Meh, anyways, my throat hurting wasn't helped by working seven hours today. However, it was necessary, because I had an appraisal today and I didn't know what time it would be, so I couldn't cancel one of the shifts. I passed, anyway, so I get a pay rise. Yay! So now I get £8.73 an hour at evenings and weekends, and £7.00 in the day. So that means that my 7 hours today earned me about £55 as opposed to £51. Which is actually a pretty good improvement when you consider it on a monthly basis. Hurrah. I'm working 14 hours this week and 21 next week, and then hopefully 31.5 the two weeks after that, so that should earn me about £785 this month. Which will definitely help the overdraft situation. I should still finish in the black, which means I can go to Berlin and not have to get a job. Which will be nice.
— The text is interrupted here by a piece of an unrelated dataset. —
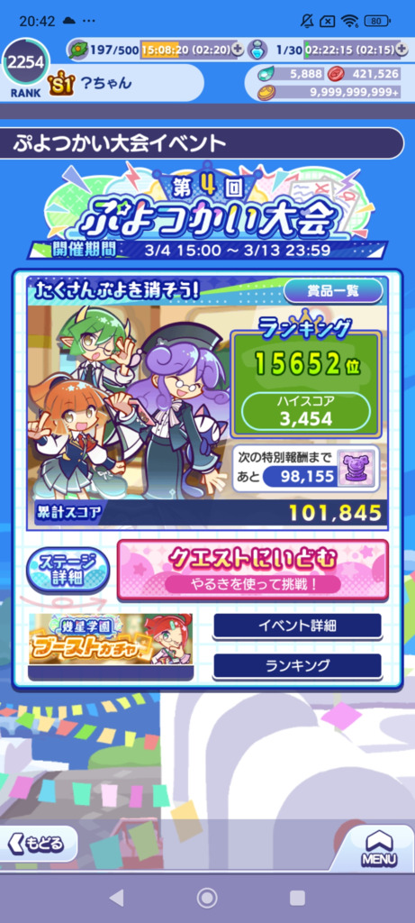 !画像1 ← ぷよつかい 名前書くの忘れてました 眠たい人です 累計の方は何故か消えてました。

My Grandad went back to New Zealand today. He hasn't changed since I last saw him, when I was 13. I hope I can go over there once I've finished my degree. I want to see all my relatives, and none of them can really afford to come over here that much - exchange rates really don't allow for it. I wish that he'd never gone over there, though, because he was always my favourite grandparent when I was small, and he still is - I just don't see him enough to have that much of a relationship with him now. I've always felt kind of guilty about him going, because I know my parents tried to persuade him out of it, and I've always wondered if I'd asked him not to go, he would have decided to stay. I think he thought my parents had some kind of ulterior motive for persuading him to stay - but if I'd asked, maybe it would have made a difference.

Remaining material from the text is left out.